The question is how good is this economic integration and who does it benefit? Clearly, India has benefitted as its overall trade with ASEAN countries has increased to some US$ 71 billion in 2012 and is targeted to reach 100 billion USD by 2015. However, India has a huge trade deficit as the imports from ASEAN nations far exceed the exports from India. There have been other fears also. For example, the Kerala government expressed concern that cheaper exports of rubber, spices and palm oil products could ruin their domestic markets.

The belief that the FTA in services will allow India to compensate its losses in agriculture by allowing to make up its trade deficit through its services is incorrect because each sector needs to be strong. We cannot allow local agriculture to dwindle since it sustains the livelihood of millions. Services is an elite industry that employs much fewer people, who will benefit. So the way forward is to give further subsidies to those agricultural products that are suffering the consequence of these FTAs so they can survive and reinvent themselves.

The other geopolitical anxiety for India is the aggressive push by China. China’s trade with ASEAN is likely to reach a trillion dollars, with the trade balance in China’s favour. China has asserted its claims over the South China Sea over those of Vietnam and objected to Vietnam offering deep sea drilling rights to India. China also claimed several islands that the Philippines regard as their own, in addition China has long-standing issues with Japan. Others in the Asian frameworks view China with some trepidation. Thus, each country and regional formation has its own agenda vis-a-vis China but also with others.

Several countries would thus like to use India to balance China, since they are all familiar with India-China antagonisms and competition. India, however, has to remain focused on the agenda which serves the people of their country and protect their interest by ensuring that they do not fight other countries’ battles. The only way they can hold their own against China is to make sure their internal vitals in terms of security, economy, and cohesive democratic politics continue to strengthen.

Another issue in India’s Look East Policy is that it should engage India’s own east, which is connected with the ASEAN countries. India has been slow in this direction, since it has to build its economic and security structures in this region. It can for example only revive the Manipur-Mandalay Road if there is peace in Manipur. Again, the project for the Nalanda University was announced at an East Asian Summit.

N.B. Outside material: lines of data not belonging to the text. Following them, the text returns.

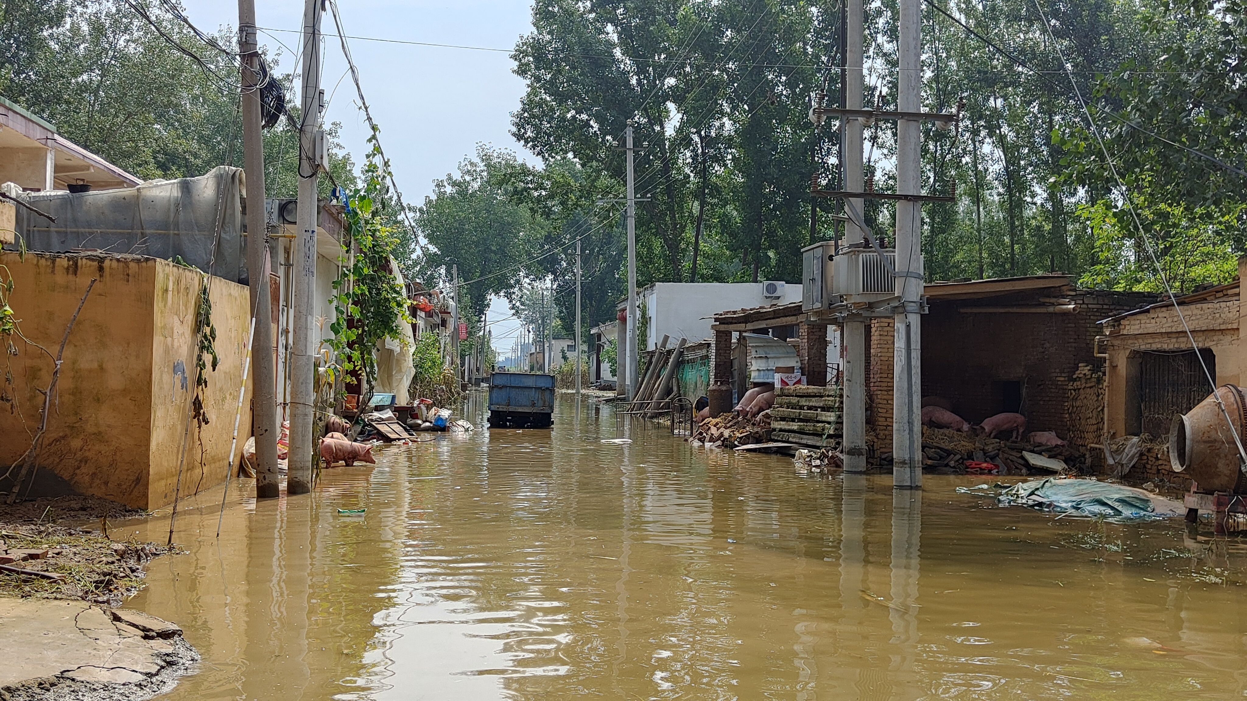 7月27日,淇县西岗镇原庄村,村内有部分积水尚未退去。新京报记者 刘瑞明 摄
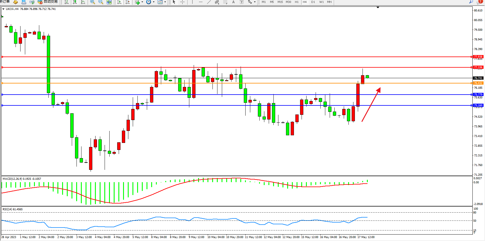 布油维持76.741附近震荡,EIA报告:除却战略储备的商业原油库存增加504.0万桶至4.68亿桶,增幅1.09%。05月12日当周美国除却战略储备的商业原油进口686.0万桶/日,较前一周增加130.7万桶/日。美国至5月12日当周EIA原油库存增幅录得2023年2月17日当周以来最大。
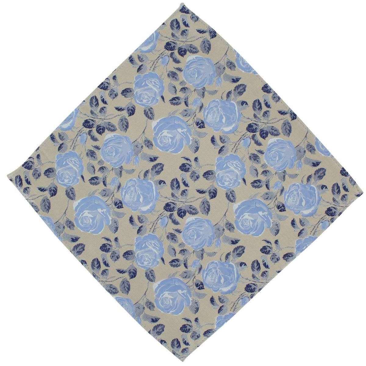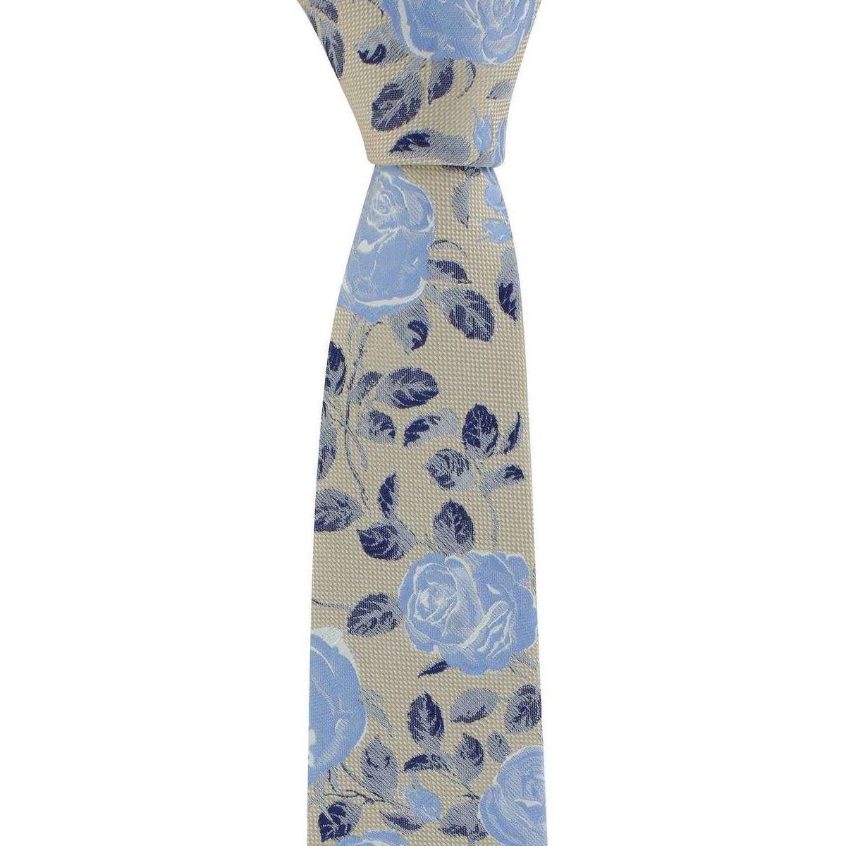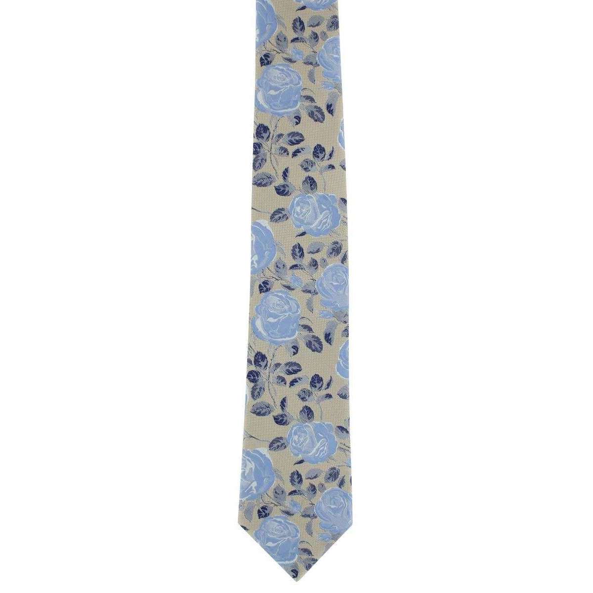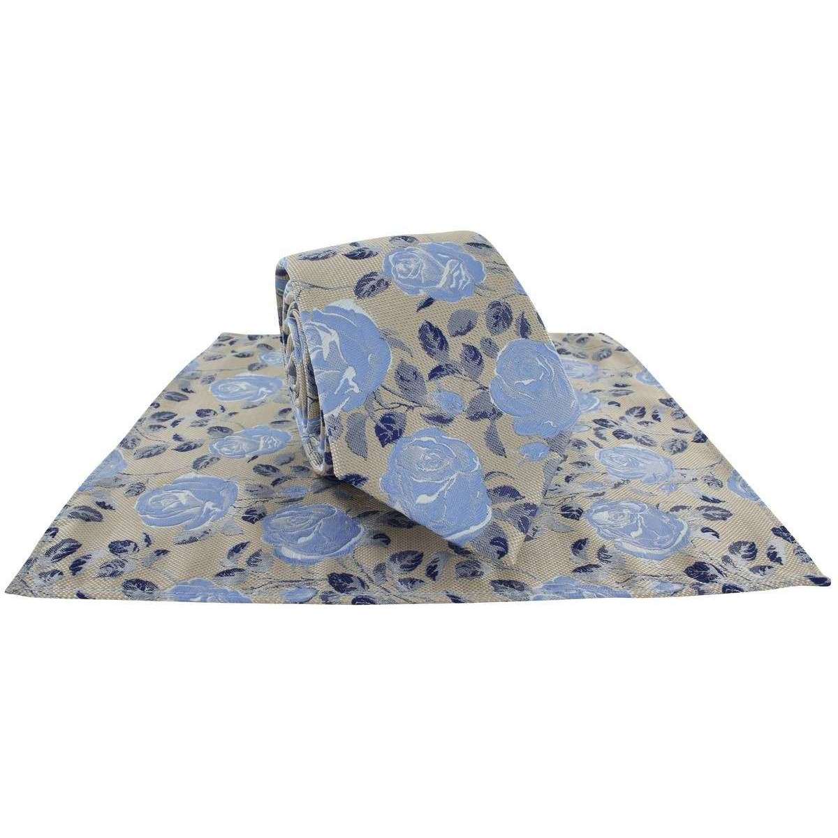 Michelsons of London テクスチャローズフローラルポリエステルタイとポケットスクエアセット-Taupe/Blue

The ancient significance of Nalanda as the site for Buddhist enlightenment from the 13th to the 15th centuries and its impact on all of East and Southeast Asia remains a symbol of India’s close and common heritage and linkage with the rest of Asia. But despite the assistance given for this university, it has barely moved despite a well-paid vice chancellor. This is because Bihar offers no adequate infrastructure for an international university.

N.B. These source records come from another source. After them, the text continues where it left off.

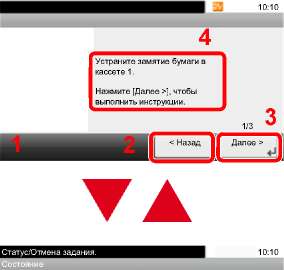 В случае замятия бумаги печать прекращается, и на сенсорной панели отображается следующее сообщение с указанием места замятия.
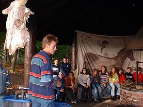 Nassausiche Neue Presse vom 16.11.2005 Reise in die Steinzeit Hadamar. Geschichte hautnah erlebten die Schüler der 6aR und 6bR der Fürst-Johann-Ludwig-Schule in Hadamar beim Erlebnistag "Steinzeit". Dr. Holger Rittweger vom Mobilen Landschaftsmuseum zeigte, wie Geschichtsdaten lebendig und anschaulich durch Mitmachen und Ausprobieren vermittelt werden können. In einer mit steinzeitlichen Höhlenmalereien nachempfundenen Athmosphäre im Wald bei Niederhadamar konnten die Schüler mit ihren Klassenlehrerinnen Monika Keller und Angela Roth den Alltag unserer Vorfahren vor 30 000 Jahren unmittelbar erleben. Im Rahmen des Geschichtsunterrichts sowie des fächerübergreifenden Projekts "Steinzeit" in Deutsch und Kunst in der Klasse 6bR hatten die Schüler zuvor schon Einblicke gewonnen, mit welchen Problemen sich die Menschen der Steinzeit täglich auseinander setzen mussten. Hier erfuhren sie nun, wie man ein Feuer ohne Feuerzeug und Streichhölzer entfacht und durften es sogar selbst ausprobieren. Auch die Herstellung von steinzeitlichen Werkzeugen und Jagdwaffen wurde anschaulich demonstriert. Schließlich durfte mit Pfeil und Bogen sowie einem Speer ein Wollhaarnashorn "erlegt" werden. Besonders beeindruckt waren die Schüler von dem "Band der Zeit", das sich von der Gegenwart bis ins Jahr 30 000 v. Christus spannte. Durch Legen von Schildern, Tier- und Menschenfiguren entlang des Maßbandes wurde ihnen schnell klar, dass es von heute bis ins Mittelalter nur ein Katzensprung ist, bis zur Entstehung der Erde man dagegen bis zum Äquator laufen müsste. Hinweise auf steinzeitliche Funde in der näheren Umgebung und die geologische Veränderung der Heimat rundeten das Erlernen von Geschichtsdaten ab. (wt) |
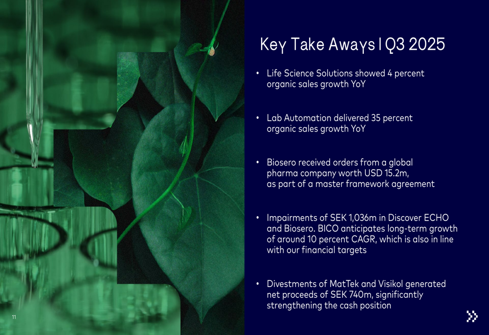 BICO Group AB (STO:BICO) shares surged nearly 15% on Tuesday after the company presented its third-quarter results showing improved sales growth and a significant strengthening of its cash position through strategic divestments. The lab automation specialist reported 12% organic growth and a return to positive adjusted EBITDA margin.

So, besides summits, FTAs and agreements of trade and security architecture, India has simultaneously to make the right connections between its internal and external policies. Many of the ASEAN nations have done this. The removal of antagonisms between ASEAN countries, their close co-operation, their declaration as a nuclear-free zone have all been steps in the right direction.

Maybe, India and South Asia can learn some lessons.

The writer is professor at the School of International Studies, Jawaharlal Nehru University.